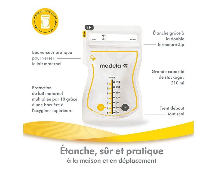 Les sachets conservation du lait maternel MEDELA offrent une solution pratique et hygiénique pour stocker le lait maternel en toute sécurité, garantissant ainsi le bien-être de votre bébé. Grâce à leur format compact et leur système de fermeture hermétique, ces sachets sont indispensables pour les jeunes parents soucieux de conserver et de transporter le lait maternel en toute simplicité.
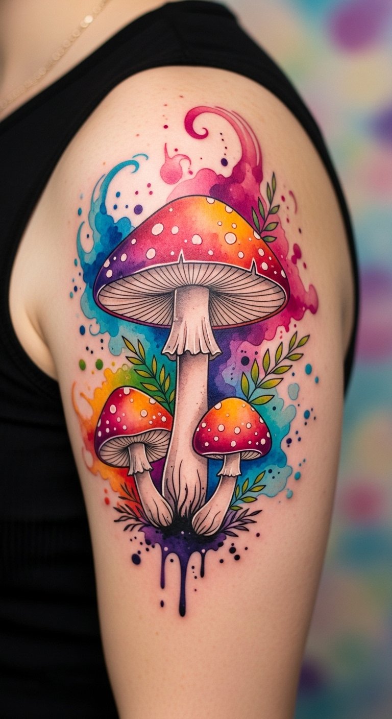 Colors burst to life in vibrant watercolor mushroom tattoos, transforming the humble fungi into a canvas of artistic expression. You’ll find vivid hues swirling together, evoking a sense of whimsy and freedom.
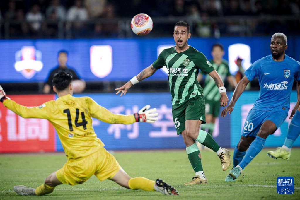 5月17日,浙江隊球員萊昂納多(左二)在比賽中射門。
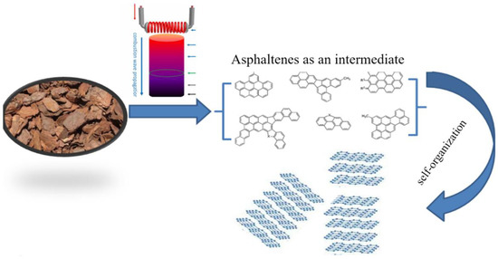 Synthesis of few-layer graphene (FLG) was carried out under the conditions of a self-sustaining high-temperature synthesis process (SHS). To obtain FLG, lignin powder was mixed with an oxidizing agent (ammonium nitrate) in a ratio of 1:1, and the resulting mixture was placed in the reactor and heated to a temperature of 220 °C using an oil bath. The detailed synthesis procedure is described in [14]. The model of 2D nanocarbon formations in the SHS process is shown in Figure 1. Under the combination of extremely high temperatures and an aggressive gaseous environment, lignin degrades to asphaltene primitives, which organize into graphene structures.
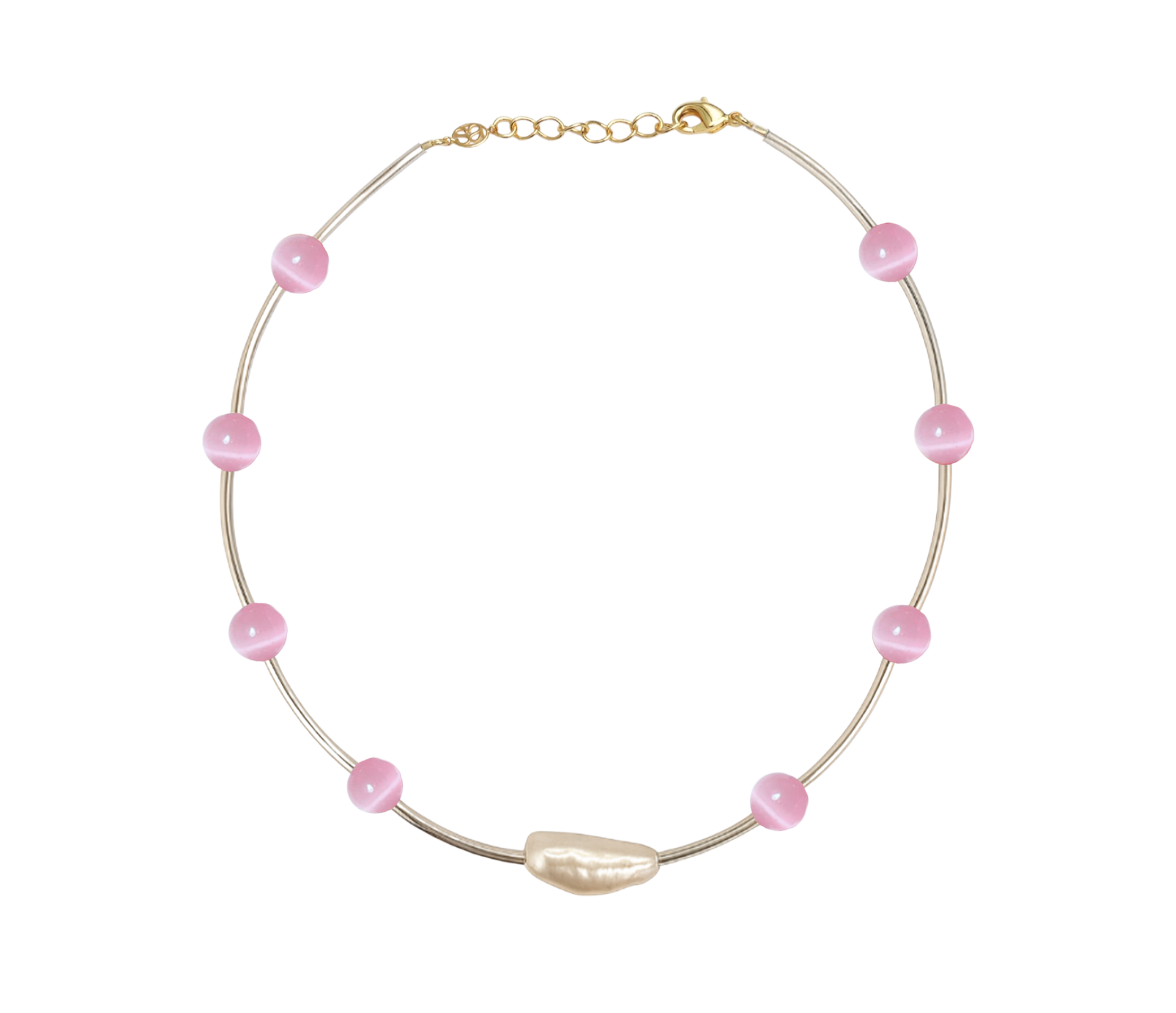 Silver 925 tubes with alternating Pink cat eye beads finished with a central keshi pearl. 18K gold plated clasp and extension chain.

:::::

Word for word, reproduce each line from the one with "5月17日,浙江隊球員萊昂納多(左二)在比賽中射門。" through the last line of the material above, both included, and drop the pictures.

● RESPONSE AREA
 5月17日,浙江隊球員萊昂納多(左二)在比賽中射門。
 Synthesis of few-layer graphene (FLG) was carried out under the conditions of a self-sustaining high-temperature synthesis process (SHS). To obtain FLG, lignin powder was mixed with an oxidizing agent (ammonium nitrate) in a ratio of 1:1, and the resulting mixture was placed in the reactor and heated to a temperature of 220 °C using an oil bath. The detailed synthesis procedure is described in [14]. The model of 2D nanocarbon formations in the SHS process is shown in Figure 1. Under the combination of extremely high temperatures and an aggressive gaseous environment, lignin degrades to asphaltene primitives, which organize into graphene structures.
 Silver 925 tubes with alternating Pink cat eye beads finished with a central keshi pearl. 18K gold plated clasp and extension chain.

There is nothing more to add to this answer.